Court Report: Mountain West, the most entertaining league of ’em all, readies for its March Madness showcase



Twenty-five years ago, the Mountain West was born out of the rib of another entity, the Western Athletic Conference, and from that genesis came a union of eight schools. These institutions boldly broke free on the brink of a new millennium. Their newfound ties spanned two time zones (how quaint) and spread from the Rockies to the Pacific Ocean to the elevated deserts of New Mexico and up into the high plains of Wyoming. The league’s outposts were a comical culture clash: SoCal chill; Colorado crunchiness; the United States Military Industrial Complex; Mormonism; and, naturally, the Las Vegas Strip. 

The power, persuasion and promise of college sports glory, as we’ve seen through repeated fractured stages of realignment, can bring pretty much almost anyone together. And so it did then, in 1999, with Air Force, BYU, Colorado State, New Mexico, San Diego State, UNLV, Utah and Wyoming. 
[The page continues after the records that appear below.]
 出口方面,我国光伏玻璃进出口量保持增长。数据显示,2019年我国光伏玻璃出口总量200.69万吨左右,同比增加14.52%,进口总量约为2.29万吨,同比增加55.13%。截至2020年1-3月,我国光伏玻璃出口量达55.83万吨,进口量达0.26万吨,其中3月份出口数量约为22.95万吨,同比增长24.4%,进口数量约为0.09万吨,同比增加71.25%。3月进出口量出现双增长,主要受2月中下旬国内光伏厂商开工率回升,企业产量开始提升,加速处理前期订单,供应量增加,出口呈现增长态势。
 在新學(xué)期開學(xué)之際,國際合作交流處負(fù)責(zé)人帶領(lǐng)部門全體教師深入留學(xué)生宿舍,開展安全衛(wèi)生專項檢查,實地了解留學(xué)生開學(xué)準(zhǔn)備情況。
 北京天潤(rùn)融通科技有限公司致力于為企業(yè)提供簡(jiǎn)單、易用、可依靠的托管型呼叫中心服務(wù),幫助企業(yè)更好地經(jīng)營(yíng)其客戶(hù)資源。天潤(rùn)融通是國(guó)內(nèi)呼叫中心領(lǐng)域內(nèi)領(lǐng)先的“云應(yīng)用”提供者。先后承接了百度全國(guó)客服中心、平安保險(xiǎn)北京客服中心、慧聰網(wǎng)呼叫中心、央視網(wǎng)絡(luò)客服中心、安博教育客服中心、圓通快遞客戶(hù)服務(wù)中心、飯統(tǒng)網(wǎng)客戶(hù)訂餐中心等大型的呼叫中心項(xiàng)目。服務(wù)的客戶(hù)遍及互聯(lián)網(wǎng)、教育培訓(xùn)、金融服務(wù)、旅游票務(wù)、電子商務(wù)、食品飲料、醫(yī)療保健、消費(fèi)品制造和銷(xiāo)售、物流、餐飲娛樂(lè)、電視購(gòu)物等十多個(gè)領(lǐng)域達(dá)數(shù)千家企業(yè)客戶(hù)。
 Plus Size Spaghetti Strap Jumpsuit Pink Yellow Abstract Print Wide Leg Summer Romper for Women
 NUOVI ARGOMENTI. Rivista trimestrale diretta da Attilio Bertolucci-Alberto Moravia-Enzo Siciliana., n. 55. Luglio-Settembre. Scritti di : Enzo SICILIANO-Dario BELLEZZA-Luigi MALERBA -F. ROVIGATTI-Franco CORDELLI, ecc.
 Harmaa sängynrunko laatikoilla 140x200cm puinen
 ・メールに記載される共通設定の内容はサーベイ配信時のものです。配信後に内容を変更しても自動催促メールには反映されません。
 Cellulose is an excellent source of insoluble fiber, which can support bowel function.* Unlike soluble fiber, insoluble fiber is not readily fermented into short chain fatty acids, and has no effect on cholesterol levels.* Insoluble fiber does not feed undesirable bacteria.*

Today, six of those original eight remain; BYU eventually bolted for the WCC and is now in the Big 12, while Utah will join its Holy War brethren later this year after abandoning the Pac-12. Over the years, the Mountain West bolstered by bringing aboard Boise State, Fresno State, Nevada, San Jose State and Utah State to get membership (for now) to 11 schools. So many of these decisions are made for football, but it’s March, and we’re here to talk about hoops. Over the past two and a half decades, the Mountain West’s held a sturdy-yet-fluctuating place in college basketball, ranking top-10 at KenPom.com in all years except one (2020-21; it was No. 11).

In this silver jubilee season, the Mountain West has morphed into the most reliably entertaining conference in the sport. It’s a riot. Every week. Twenty-eight MW games were decided by five points or fewer. A few more forthcoming are all but guaranteed to push that number beyond 30 by the end of the Mountain West Tournament this week in Las Vegas. 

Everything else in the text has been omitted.